Visioscan® VC98 USB (Courage + Khazaka Electronic GmbH) to determine skin microtopography using the SELS (Surface Evaluation of the Living Skin) parameters—smoothness (SEsm), roughness (SEr), scaliness (SEsc), and wrinkles (SEw) on both outer corner of the eyes in well‐defined measurement locations.
VECTRA® H1 (Canfield Scientific) to determine gross/visual lifting effect by measuring the distance between the upper and lower part of the face (from the hairline to the lower limit of the face corresponding to the mandible) in two points on both sides: medial and lateral canthus.
In addition, after 4 and 8 weeks of product use, the volunteers were assessed the adverse reactions by the physician and were asked to do satisfaction questionnaire regarding the anti‐aging effects and the serum itself.
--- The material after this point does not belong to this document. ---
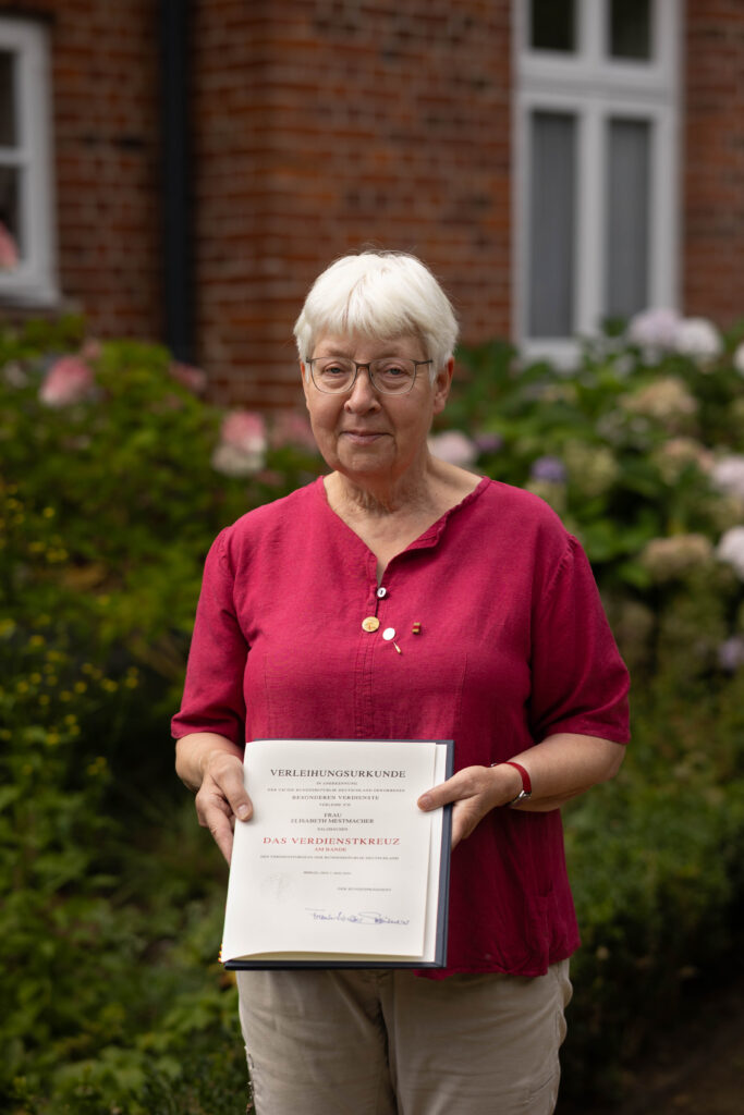 Lieschen ist es ein besonderes Anliegen, das Bundesverdienstkreuz nicht allein für sich zu beanspruchen. “Ich widme den Verdienstorden allen Helferinnen und Helfern, die mich jahrelang bei meiner ehrenamtlichen Tätigkeit unterstützt haben. Allein wäre das nicht möglich gewesen.” so Lieschen Mestmacher in ihrer typischen Art. “Besonders dankbar bin

Statistical analysis was performed using GraphPad Prism v8.3.0 and SPSS v26. The Shapiro‐Wilk test was used to determine the normality of the data distribution. The repeated measures ANOVA with Bonferroni correction and Friedman's multiple comparisons test was used to assess changes of normally distributed variables and non‐normally distributed groups, respectively. Sample comparisons for TEWL were performed using the Kruskal‐Wallis rank sum test, as the data were unable to be adjusted for multiple comparisons. Differences between treatment and nontreatment groups were considered biologically significant for P‐values of .05 or less.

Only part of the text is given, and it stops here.